Необходимо вести не кровавую борьбу со служителями, а разъяснительную. Да, надо
разыскивать, но только для того, чтобы попытаться переубедить, чтобы человек
имел возможность отвернуться от деяний своих прошлых и направил силы свои на
дела во славу Творца нашего единого.
- А если тот, кто будет
упорствовать, кто будет стремиться к силам тьмы за помощью, кто будет
заблуждаться в своих знаниях истины - будет бороться с нами не на жизнь, а на
смерть? Что нам делать тогда?
- Я не знаю. В каждом случае
необходим трезвый расчет, а не выверенная временем догматическая логика
поступков. Надо стремиться понять того служителя, человека в нем, чтобы
осознать величину падения его в пропасть тьмы, а уже тогда решать. Нельзя
никого судить только за то, что он выбрал не тот путь, что вы.
- Может нам стоит теперь
уйти, чтобы потом собраться всем вместе, а не умирать в течение долгих лет?
- Нельзя нарушать
запланированный ход времени. Этим мы только уменьшаем тот накопленный груз
знаний, что собирали в течение долгих воплощений, а также удлиняем дорогу к
себе.
- Учитель, но почему мы
должны вновь забыть то, что вспоминали с трудом. Может быть, нам стоит поведать
истину всем тем, кто не имеет памяти?
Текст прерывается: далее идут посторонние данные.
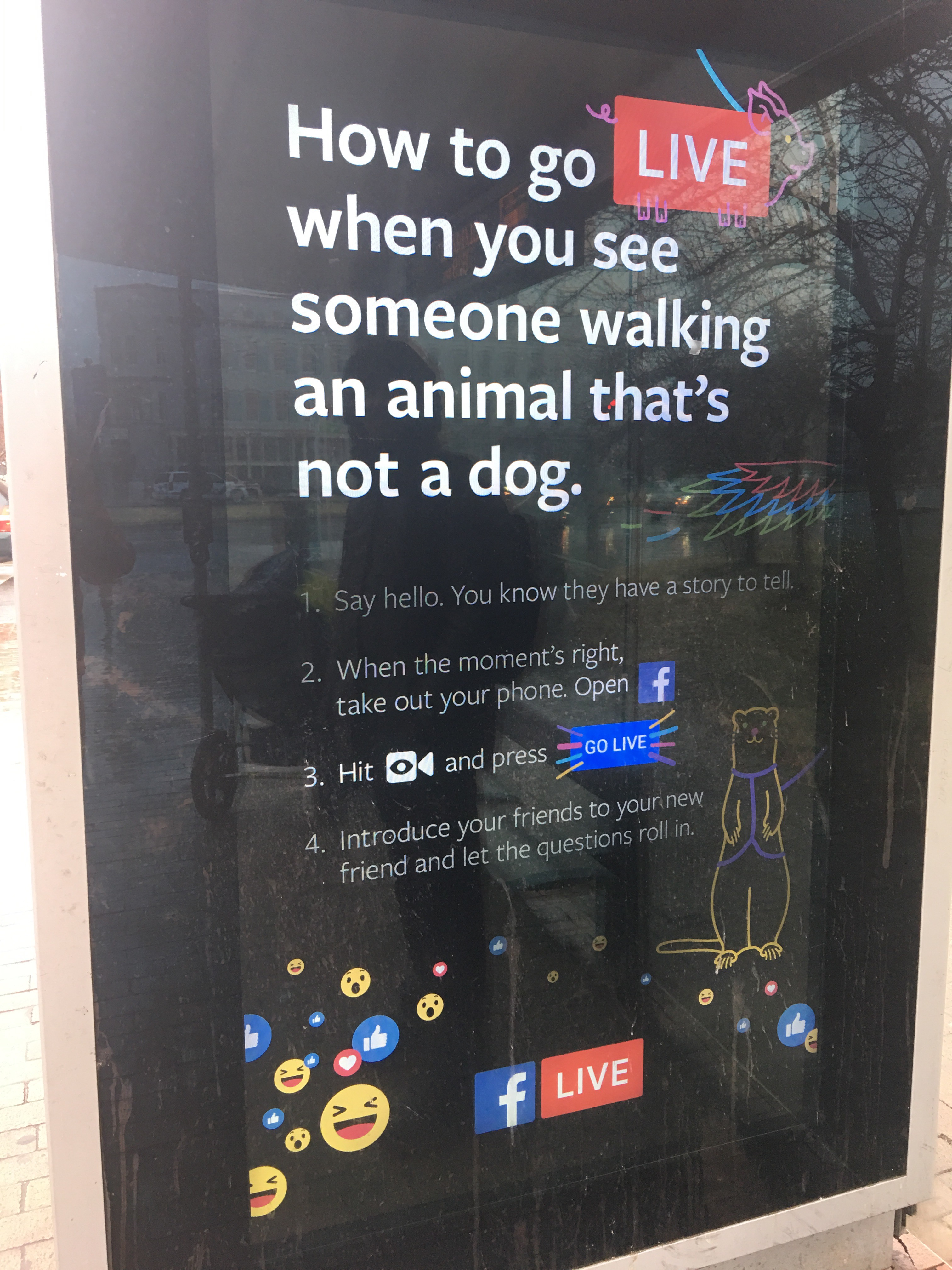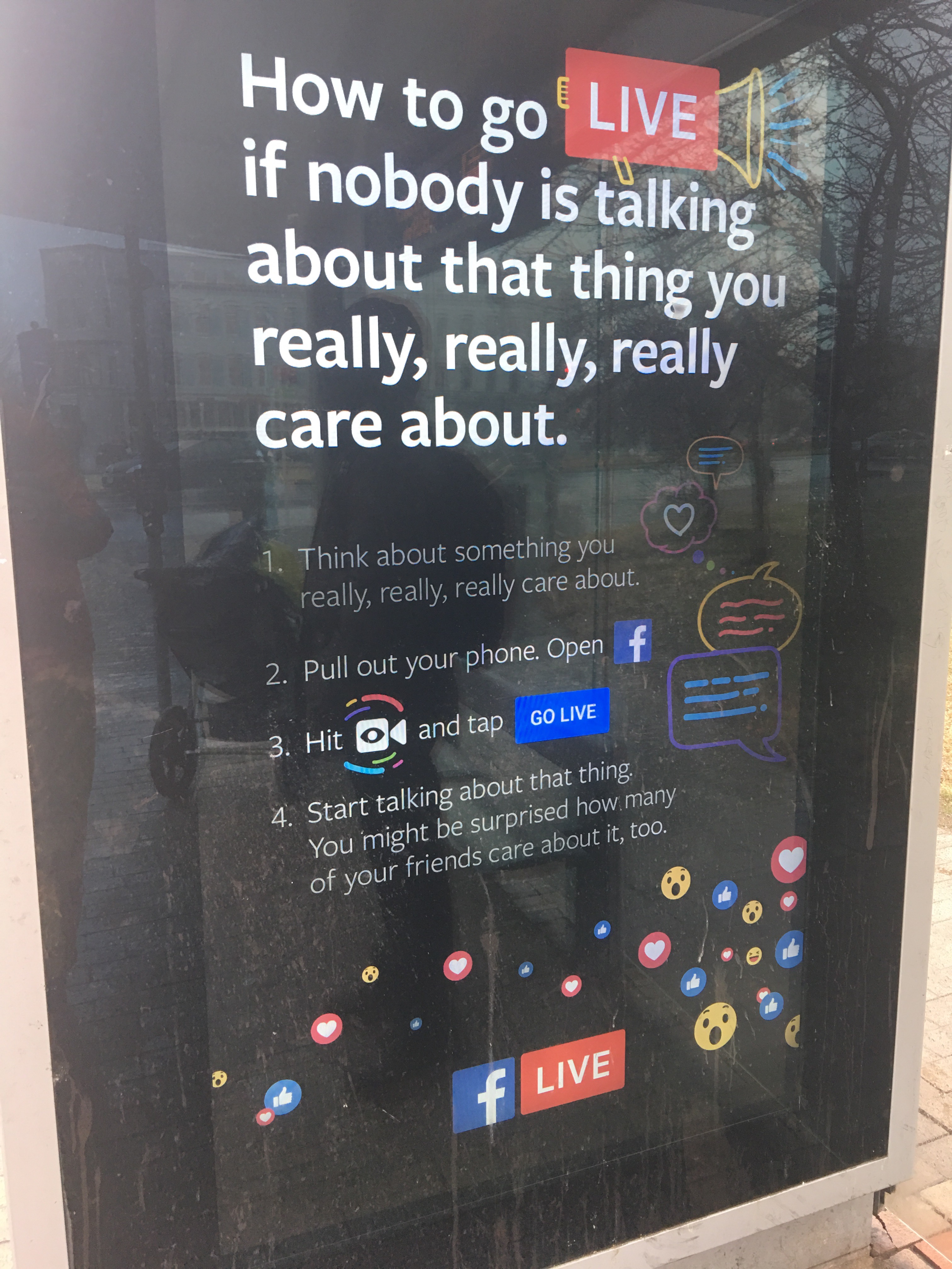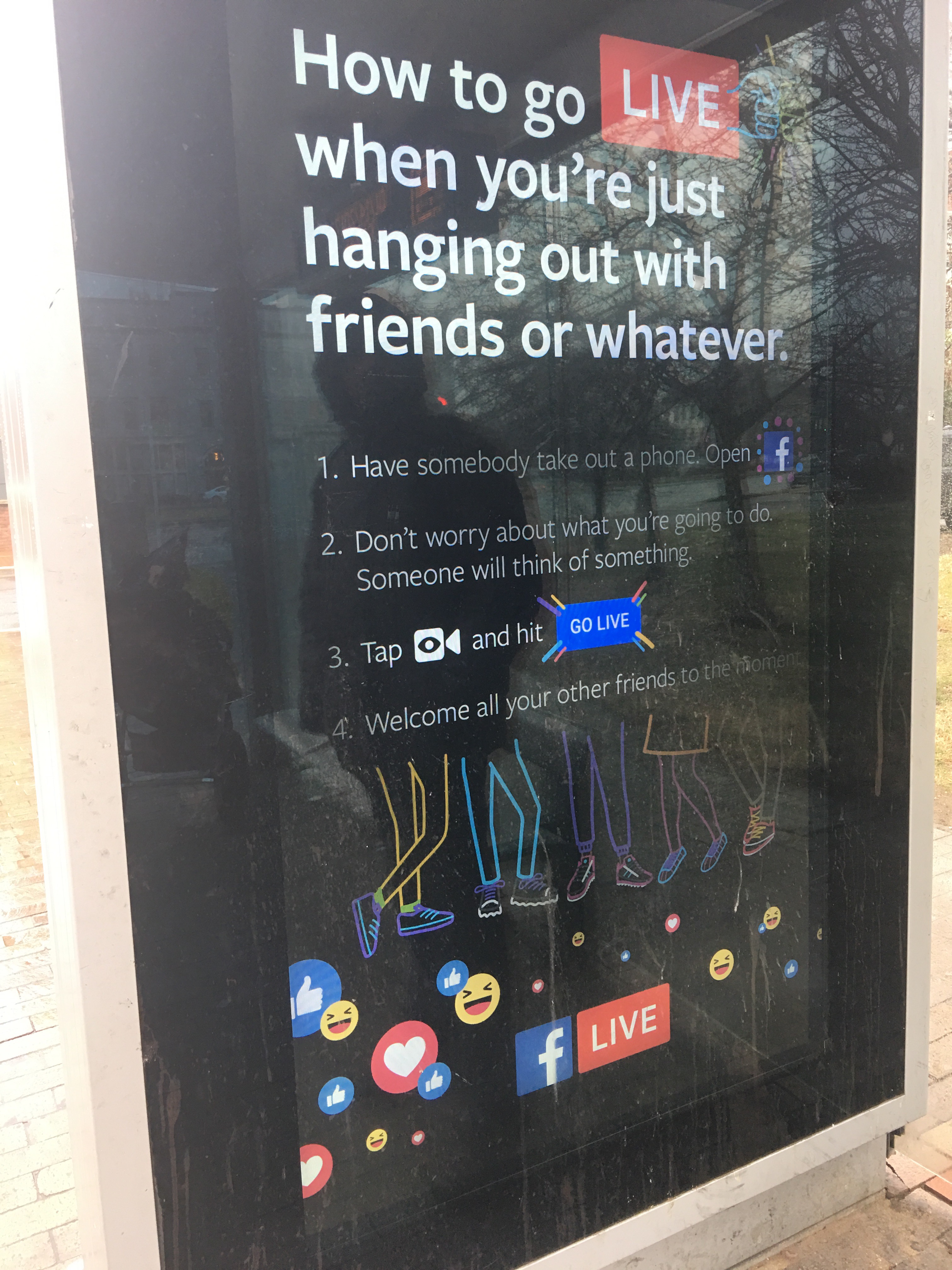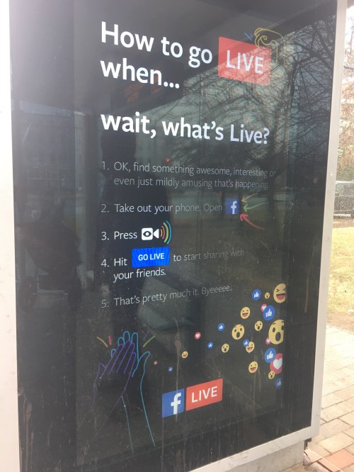 In this ad campaign for Facebook Live at DC bus stop, they’re urging users to film people with no caveats or ethics.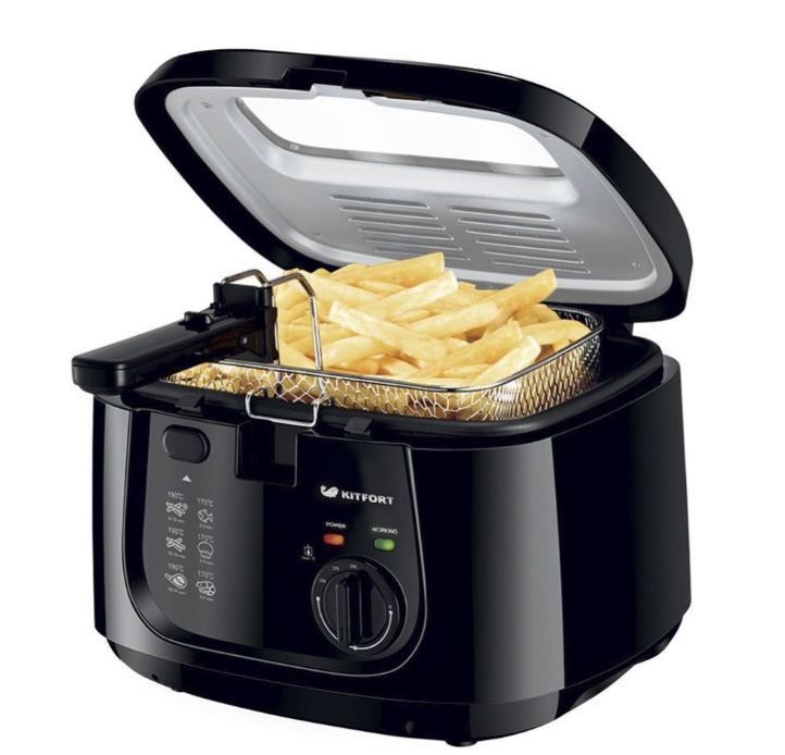 Объём масла 2.5 л. Мощность 1800 Вт. Управление электронное. Индикатор работы/нагрева есть. Регулировка температуры есть. Смотровое окно есть. Антипригарное покрытие есть. Фильтр против запаха есть. Материал корпуса пластик. Длина шнура 69 см.. Цвет черный. Размеры 310 х 292 х 208 мм. Вес 1.88 кг.

Может, стоит идти по дороге открытия
людям того, что они благополучно забывают, приходя в этот мир? Ведь если бы ты
имел с самого начала этого воплощения знания, накопленные за века, то, сколько
полезного смог бы сделать для человечества?
- Так же, как нельзя новорожденному
давать грубую пищу, так же нельзя человеку сразу давать знания. Должно пройти
много времени в его воплощении, прежде чем он сможет быть готовым для познания.
Каждый должен отработать свою задачу, без оглядки и подсказки со стороны
накопленного опыта.
- Значат ли твои слова, что
нам стоит продолжать утверждение инквизиции как инструмента в борьбе с силами
Тьмы?
- На данный момент времени я
считаю, что это наиболее зрелый путь.
- Но уже сейчас известны
случаи, когда "розыск" использовался на благо отдельных лиц, а не для
дела Света. Зачастую светские власти используют этот инструмент для устранения
своих конкурентов в борьбе за власть и земные богатства. Ведаешь ли ты теперь,
с высот своего нынешнего положения, какого страшного зверя мы выпускаем в наш
мир?
- Замолчи, брат Андреас!
Учитель, не обращай внимания на эти слова, что значат эти люди, опьяненные
мыслью о благе земном, по сравнению с великой миссией по искоренению
вселенского зла!
- Брат Сигизмунд, я всегда
знал, что ты не до конца понимаешь саму идею паритета Света и Тьмы!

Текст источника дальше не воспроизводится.